Aim of the exercise: Could you restate, exactly and with nothing added, the lines from the start of the data through the line that holds "Fuguang FGA Детская", leaving the pictures out?

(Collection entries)

※

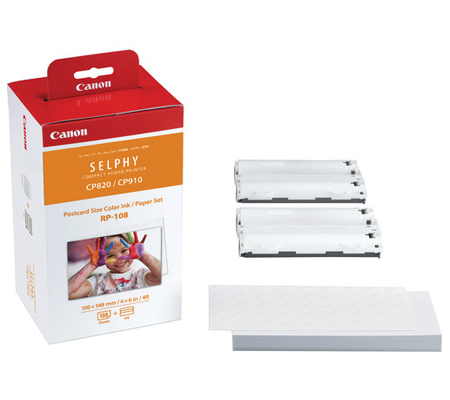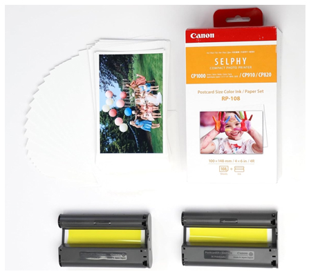 The RP-108 colour ink and paper set gives you ink and paper for up to 108 standard postcard-size prints. At 100 x 148mm (4x6”), the RP-108’s print size is perfect for your heart-warming family albums or photo frames.
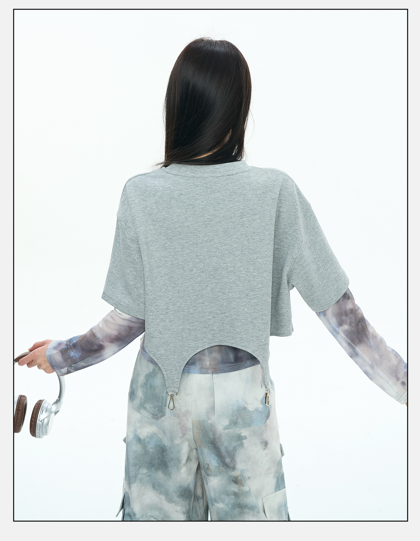 P&X设计师女装2025秋季T恤套头两件套短款上衣825315175X 灰色
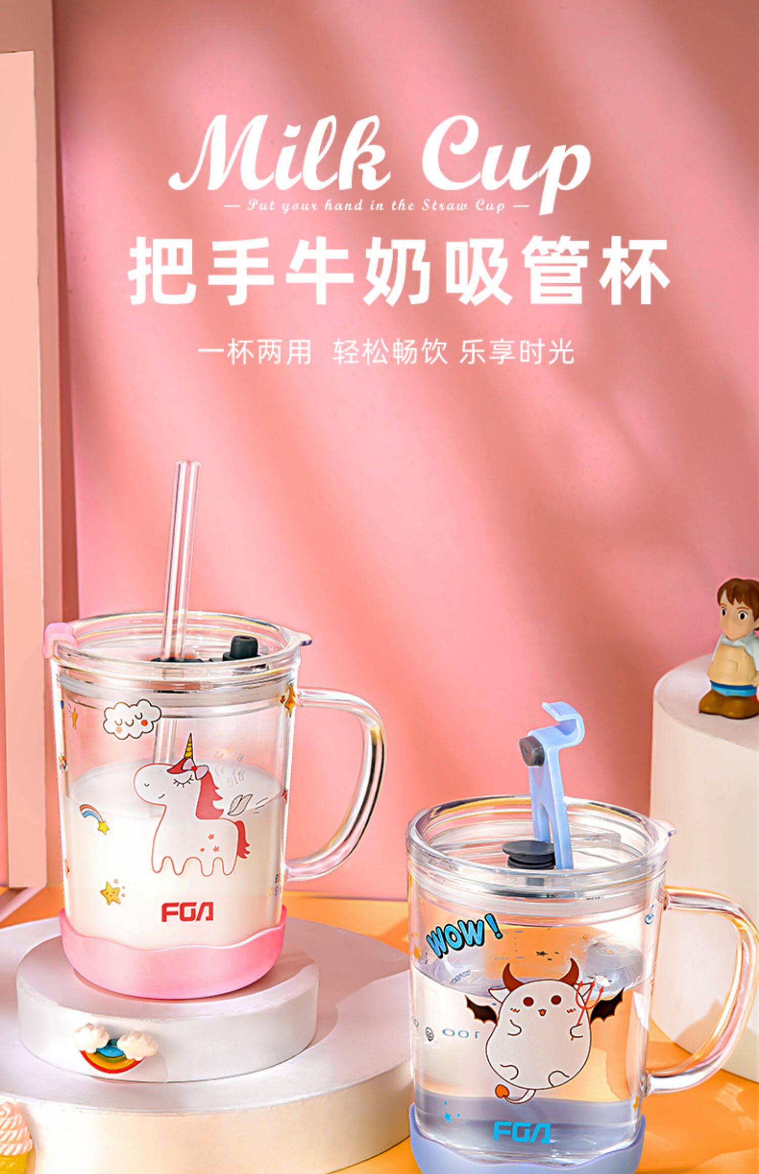 Fuguang FGA Детская молочная чашка привод для питья молоко порошковая микроволновая печь с подогревом стекло розовый молочный порошок соломенная чашка
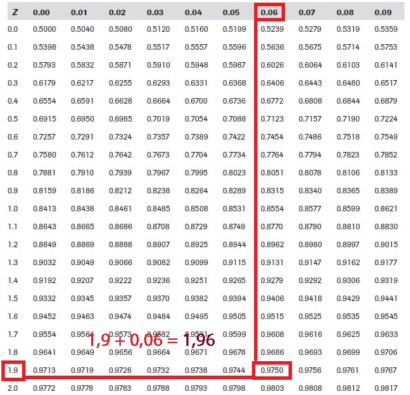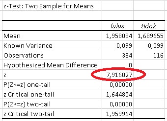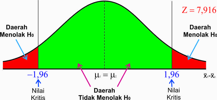 Hasil penghitungan menggunakan Excel di atas menunjukkan nilai Z sebesar 7,916. Menggunakan pendekatan nilai kritis dengan tingkat signifikansi 0,05, maka area ekor kiri adalah 0,025, dan daerah ekor kanan adalah 0,025. Menggunakan tabel distribusi normal kumulatif (0,9750) atau tidak kumulatif (0,4750) , nilai kritis bawah 0,025 sesuai dengan nilai Z -1,96, dan nilai kritis atas 0,025 sesuai dengan nilai Z dari +1,96, seperti yang ditunjukkan pada gambar berikut.
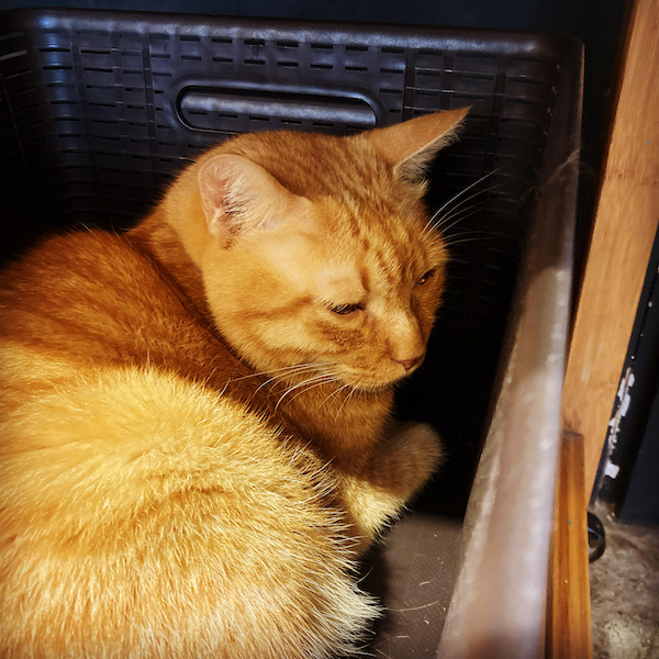 お客さんが荷物入れるカゴに入っちゃってる猫ちゃん。
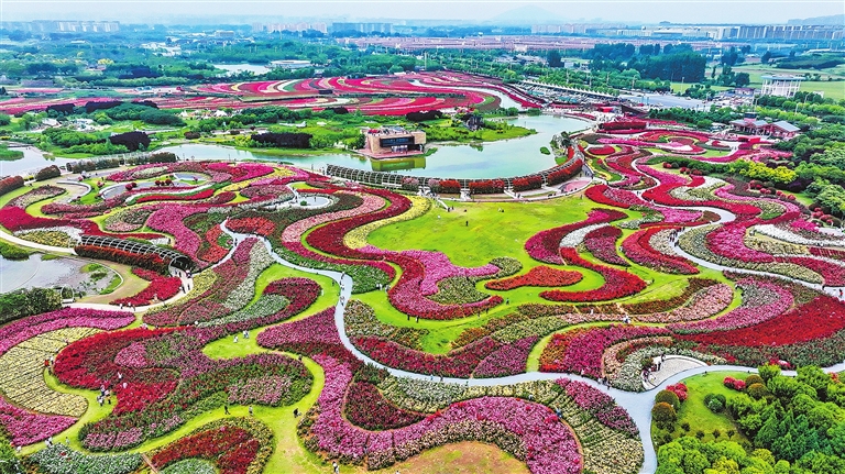 ??“五一”期間,南陽世界月季大觀園成為花海,6000多個(gè)品種的月季爭(zhēng)相怒放,吸引全國(guó)各地的游客前來觀賞(5月4日攝)。 崔培林 攝
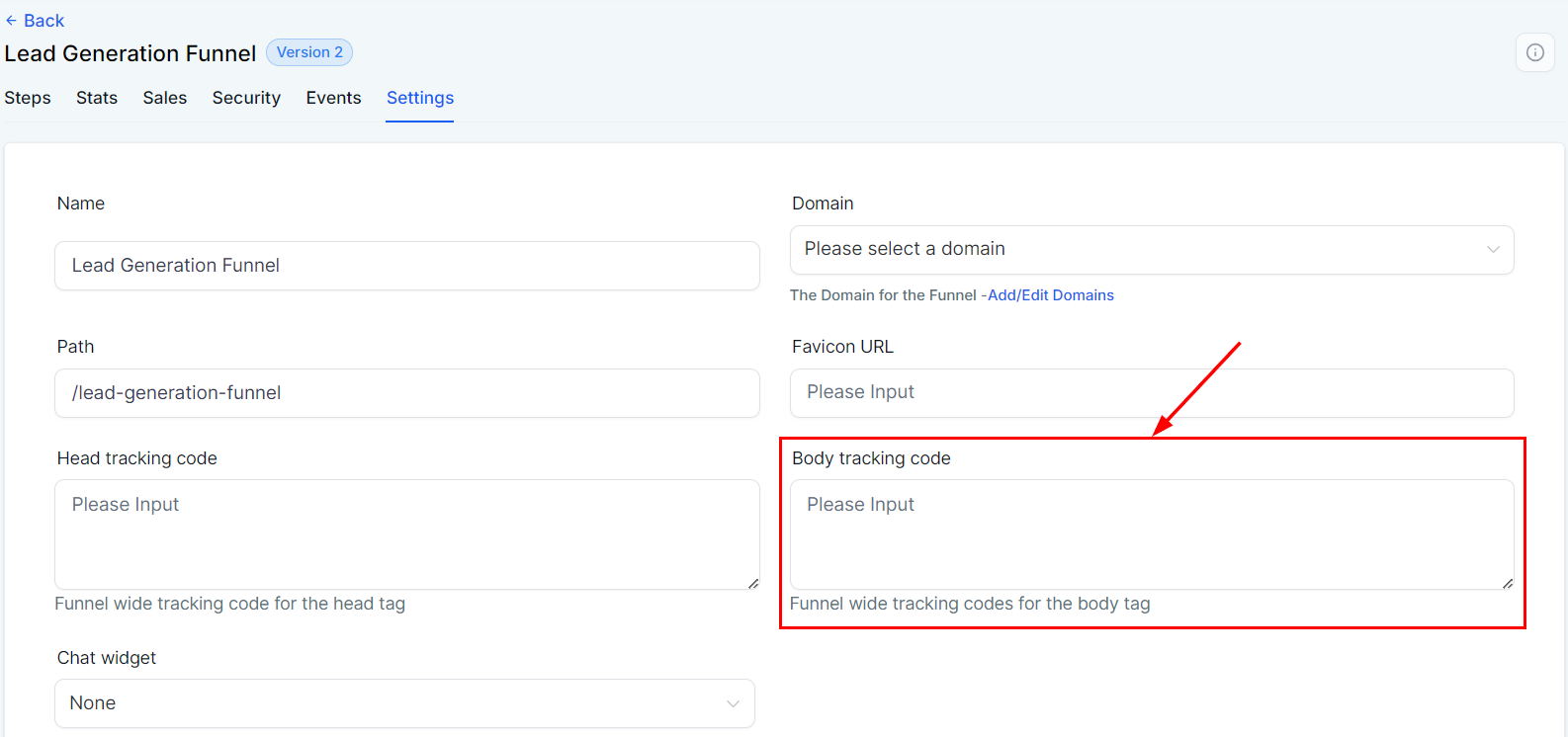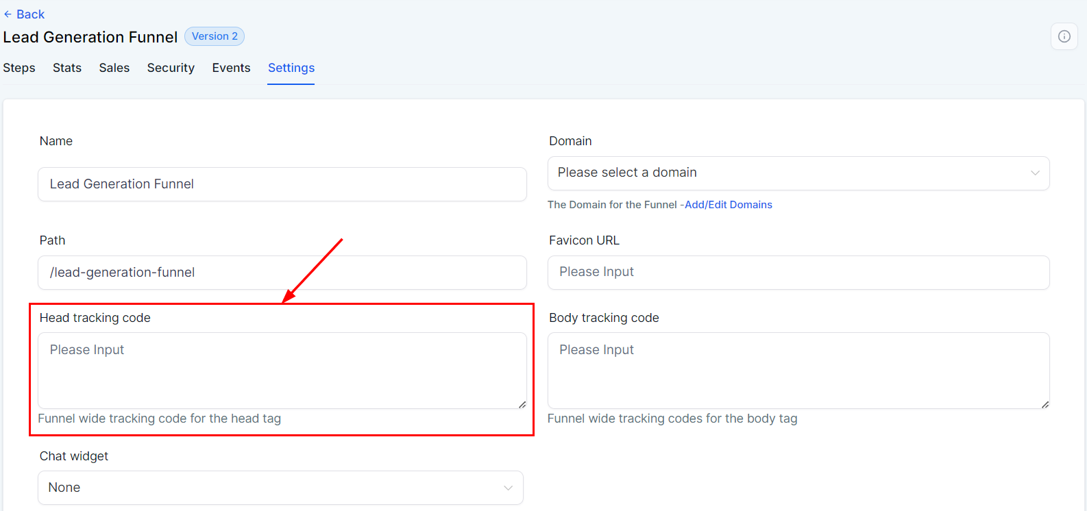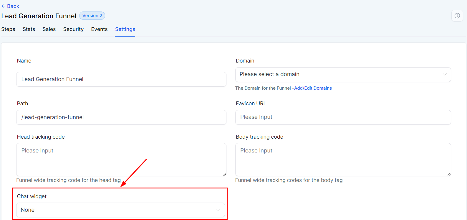 To enable the chat widget for this funnel, select the desired widget from the dropdown menu. The chat widget is particularly useful for lead generation funnels, as it consolidates conversations with leads into a single channel.
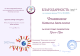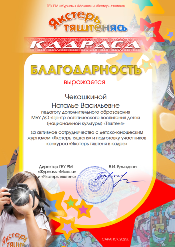 Благодарностью Республиканского конкурса «Якстерь тяштенясь кадраса» награждена Чекашкина Н.В.
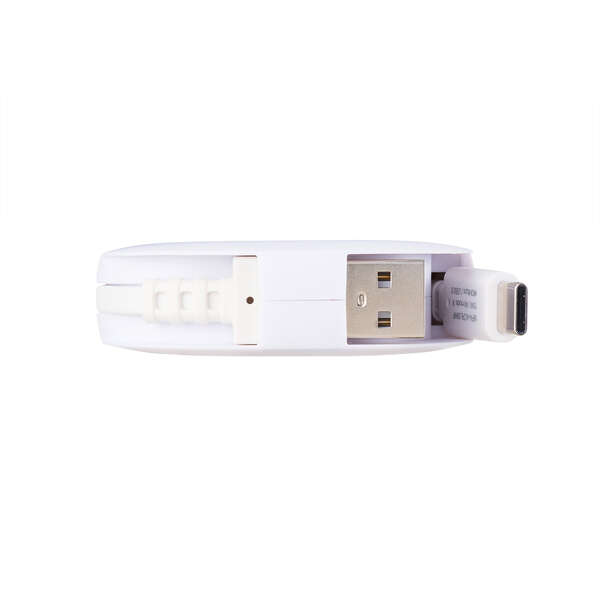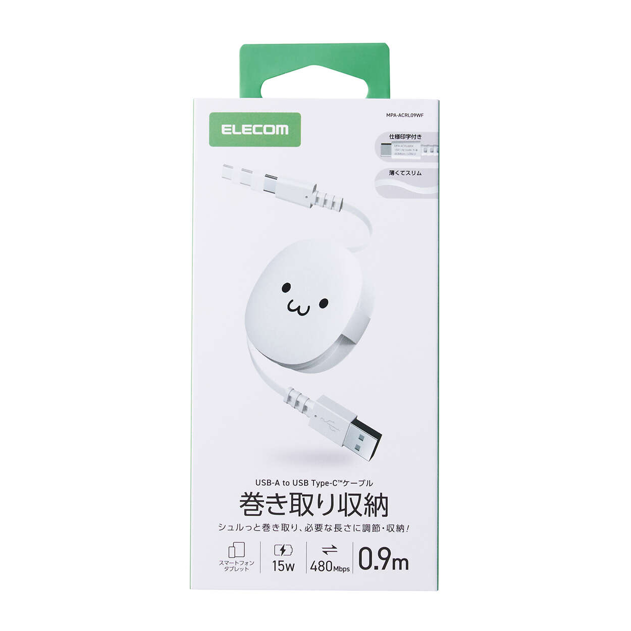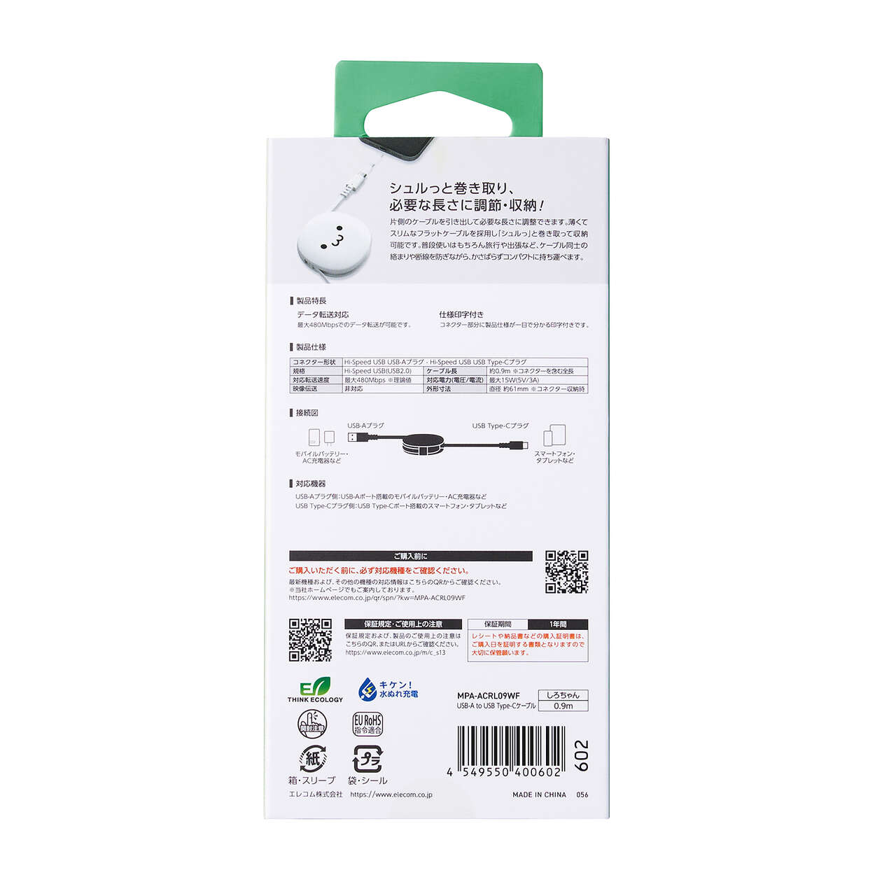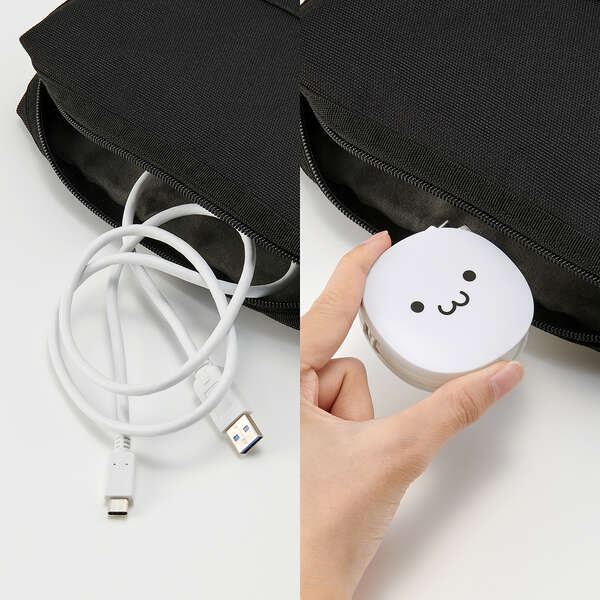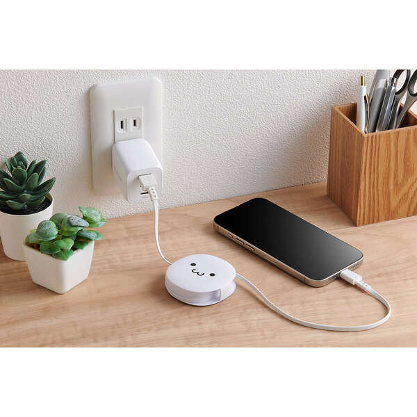 シュルッと収納、絡まずすっきり。約90cmのケーブルがコンパクトにまとまる、巻き取り式のUSB-A - USB Type-C(TM)ケーブルです。手のひらサイズのケースで、持ち運びに便利。片手で引っ張って使える片側巻き取り式です。かわいいしろちゃんモデルです。
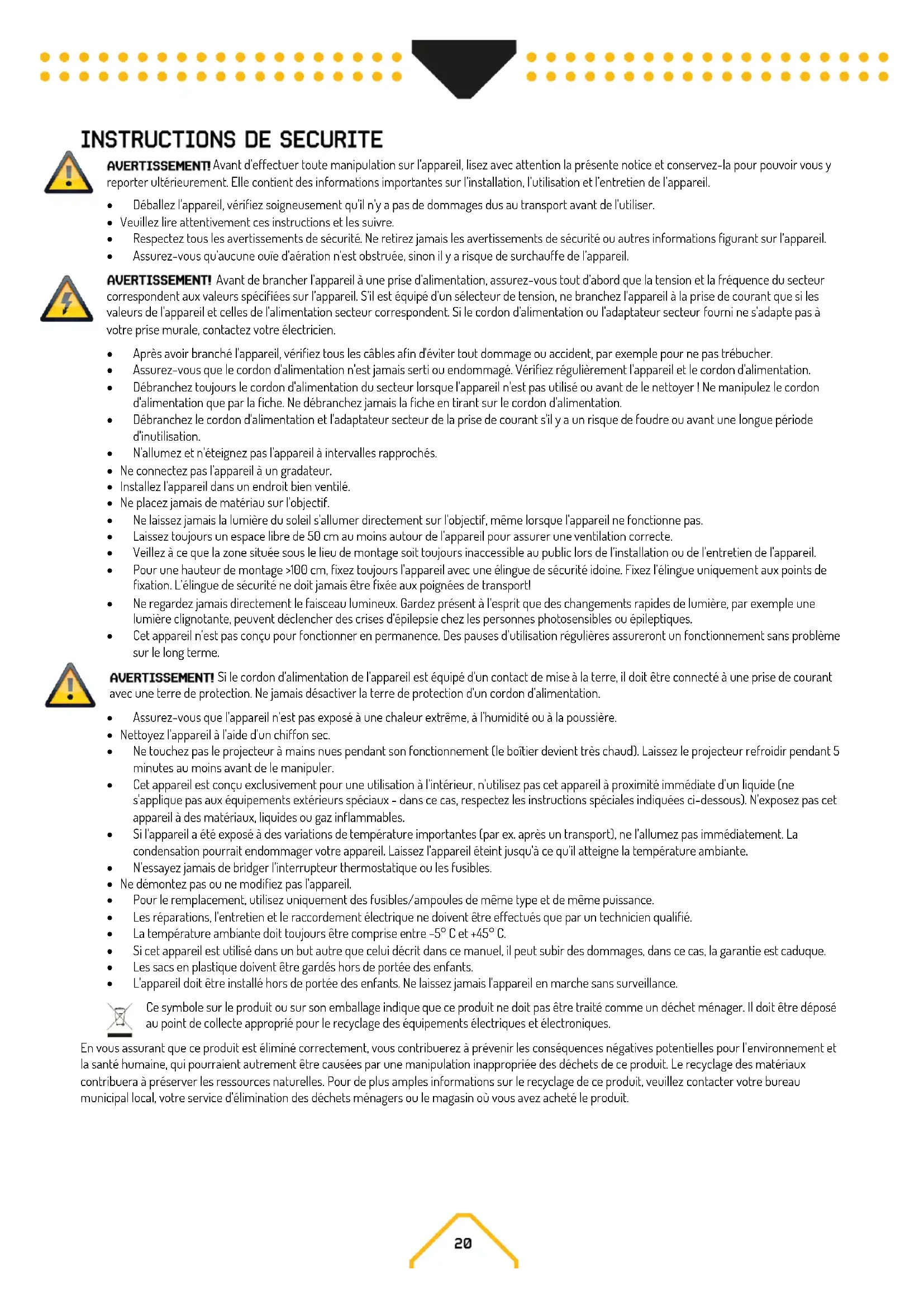 - Séchez le projecteur, les connecteurs et les contacts avec un chiffon doux, propre, non pelucheux ou de l'air comprimé basse pression avant de remettre le projecteur sous tension. La liste ci-dessous peut vous aider en cas de problèmes lors de l’utilisation du produit. Pas de réponse de l’appareil. L’appareil n’est pas alimenté. Vérifiez que l’appareil est sous tension. Vérifiez les câbles et branchements. Le fusible a fondu ou problème interne. Remplacer le fusible moyen ou contacter le support Beamz ou un partenaire de service agréé Beamz. N'enlevez pas les couvercles de la base. N'essayez pas de remplacer un fusible ou d'effectuer des réparations ou un entretien qui ne sont pas décrits dans ce manuel d'utilisation à moins d'avoir l'autorisation du support Beamz ou du service autorisé Beamz. L'appareil se réinitialise correctement mais ne répond pas (ou ne répond pas correctement) au contrôleur. Le contrôleur DMX n’est pas relié. Reliez le contrôleur. Mauvaise ligne DMX. Vérifiez les branchements et les câbles. Réparez ou remplacez les câbles défectueux. La ligne DMX n’a pas de résistance terminale. Insérez un bouchon DMX dans la prise de sortie DMX sur le dernier appareil de la ligne DMX. Mauvais adressage de l’appareil. Vérifiez l’adresse de l’appareil et les réglages DMX. Un appareil est défectueux et perturbe la transmission des données dans la ligne DMX. Débranchez les connecteurs DMX IN et OUT et relies-les directement ensemble pour bridger un appareil à la fois jusqu’à ce que le fonctionnement soit rétabli. Faites appel à un technicien qualifié pour réparer l’appareil. Les pins 2 et 3 sont inversés dans la connexion XLR. Vérifiez les câbles et branchements. Installez un câble inversion de phase entre les appareils ou remplacez les broches 2 et 3 dans l’appareil qui se comporte de manière erratique. Erreur après réinitialisation. L’effet nécessite un réglage mécanique. Vérifiez la version du logiciel de l'appareil et les messages d'erreur pour plus d'informations. Contacter le service après-vente Beamz ou un partenaire de service agréé Beamz. Le flux lumineux coupe de manière intermittente. L’appareil est trop chaud. Laisser refroidir l'appareil. Réduire la température ambiante. Veillez à ce que l'air circule librement autour de l'appareil. Nettoyer l'appareil si nécessaire. Les LEDs sont endommagées. Débrancher l'appareil et contacter le service après-vente Beamz ou un partenaire agréé Beamz.. Les réglages de l’alimentation ne correspondent pas à la tension AC et à la fréquence locales. Débranchez l’appareil. Vérifiez les réglages et corrigez si besoin.Przed przystąpieniem do jakichkolwiek czynności związanych z urządzeniem, należy uważnie przeczytać niniejszą instrukcję i zachować ją z lekarstwem na przyszłość. Zawiera ważne informacje dotyczące instalacji, użytkowania i konserwacji urządzenia.

※

Result:
 The RP-108 colour ink and paper set gives you ink and paper for up to 108 standard postcard-size prints. At 100 x 148mm (4x6”), the RP-108’s print size is perfect for your heart-warming family albums or photo frames.
 P&X设计师女装2025秋季T恤套头两件套短款上衣825315175X 灰色
 Fuguang FGA Детская молочная чашка привод для питья молоко порошковая микроволновая печь с подогревом стекло розовый молочный порошок соломенная чашка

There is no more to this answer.